- Contributed by
- People in story:
- Gertrude booth
- Location of story:
- Background to story:
- Article ID:
- Contributed on:
- 27 December 2005
This story was submitted to the People’s War site by Joanne Burgess on behalf of Gertrude Booth and has been added to the site with her permission. The author fully understands the site’s terms and conditions.
The full horror of War:
Leeds was actually fortunate during the war. It did not take as much shelling as other areas, people took things in their stride. The first time I saw the full horror of the war was when the troops were withdrawn from France. They got off the train and marched through City Square, they passed the Co-Op and went up Albion Street. They did all this and it was then that I noticed they had no shoes on. The discipline instilled in them meant that they continued their march without their shoes on.
I looked into one young lad’s face and we know now that it is shell shock, you could see it on his face. I knew then how fortunate we had been how well protected in Leeds and how we did not know what war meant. We were never hungry and to look at those men and realise we had slept through it all, it was terribly upsetting. My brother was called up and I remember the endless waiting for letters, thank God he came back
We pulled together:
Despite this the war brought out the best in most of us. We pulled together, my mother would unpick old clothes that were too small and make us new clothes from them. I remember going out to pubs and dances dressed up and we always had our gas masks with us. I can remember walking across East End Park and the ack ack guns would go. There were also the floodlights set up on East End Park trying to pick off the German planes coming in from the East Coast. There was shrapnel in the gardens on a morning. Sometimes we would be up half the night with very little sleep and yet we still got up and carried on regardless. I do not remember been frightened not even during the blackouts. My Dad was an air raid warden and he would knock on people’s doors if there was a flicker of light showing. We had a refugee from the south coast and the whole family came up for a holiday we became good friends, one of the family even had their honeymoon at our house.

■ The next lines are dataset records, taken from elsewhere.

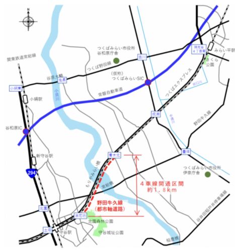 茨城県 土浦土木事務所発表資料より茨城県では、県道野田牛久線(都市軸道路)の一部区間が4車線化されました。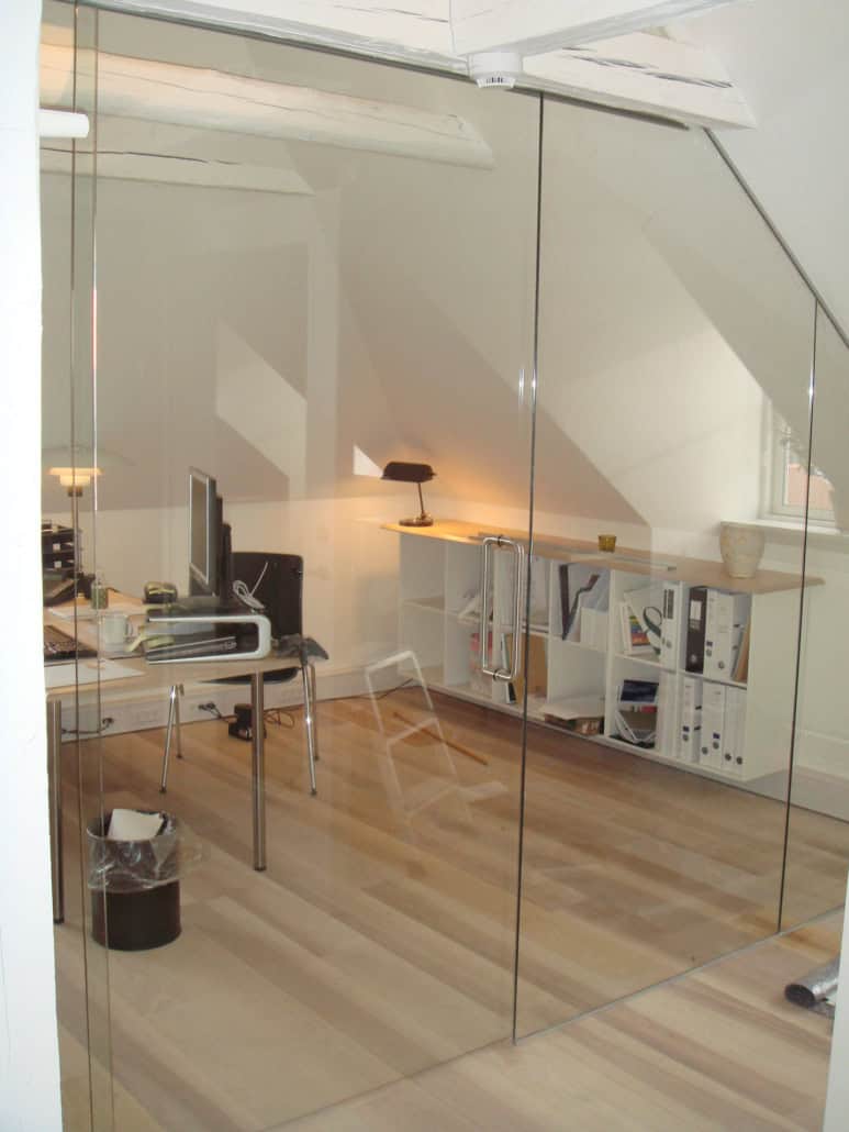 At bruge glas giver ikke kun mulighed for at få glæde af lysindfald. En dør eller væg i glas giver en unik mulighed for at afskærmning af hele rum eller områder for eksempel en garderobe, et printerrum eller et kontorlandskab.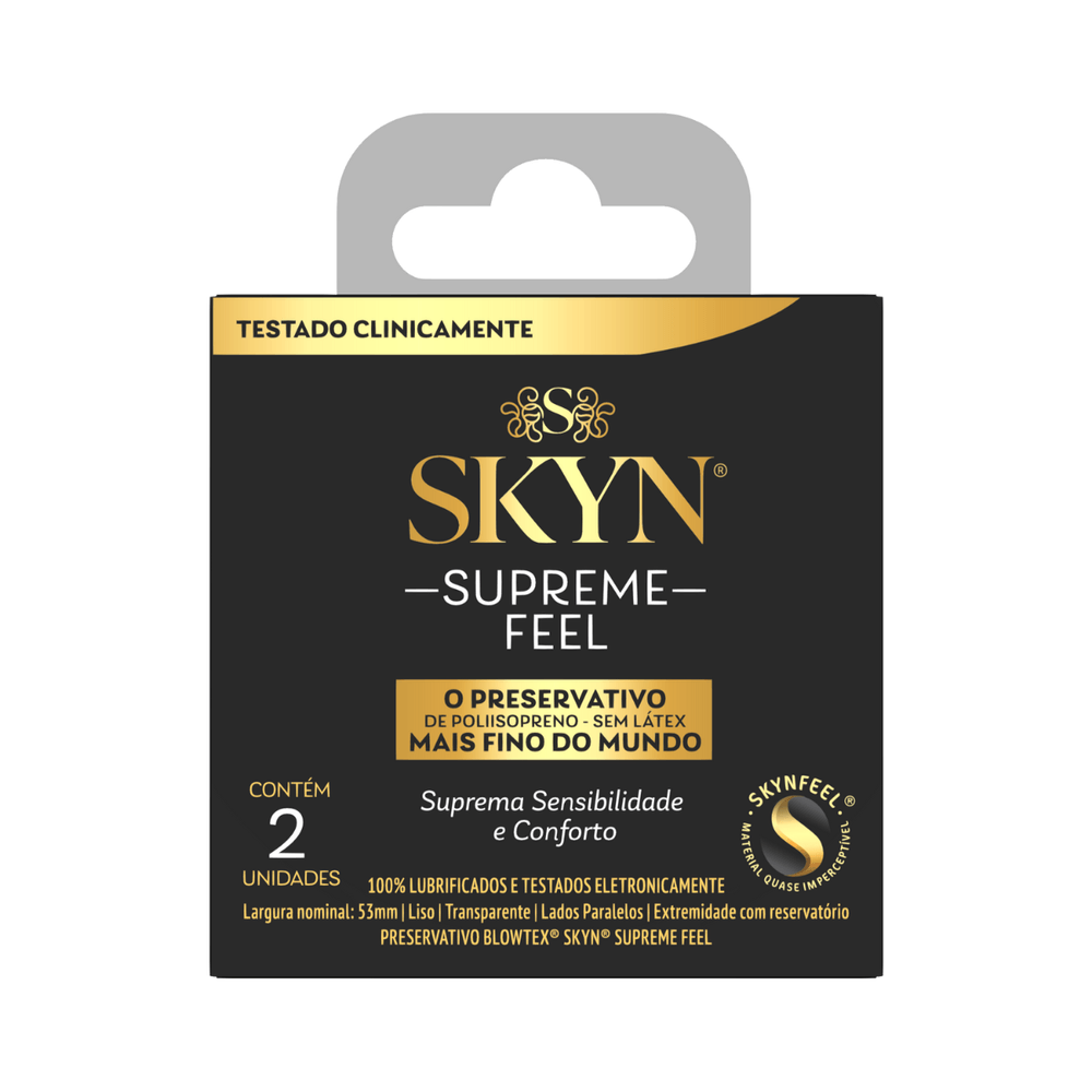 Os preservativos SKYNSUPREME FEEL destinam-se a recobrir o pênis ereto durante a relação sexual, auxiliando na prevenção de doenças sexualmente transmissíveis, no planejamento familiar e para usuários que apresentam alergia ao látex de borracha natural.

I remember the unity of people that everyone was together and people helped each other, there was a real community spirit. If there was someone by themselves everyone rallied around to help them.
Women, back to the kicthen:
I worked in an office during the war I liked it but as the war came to an end the rumour went round that the men were coming back and firms were obliged to take the men back. The war changed a woman’s outlook on life once we had been out there working and enjoying it we did not want to go back to the kitchen.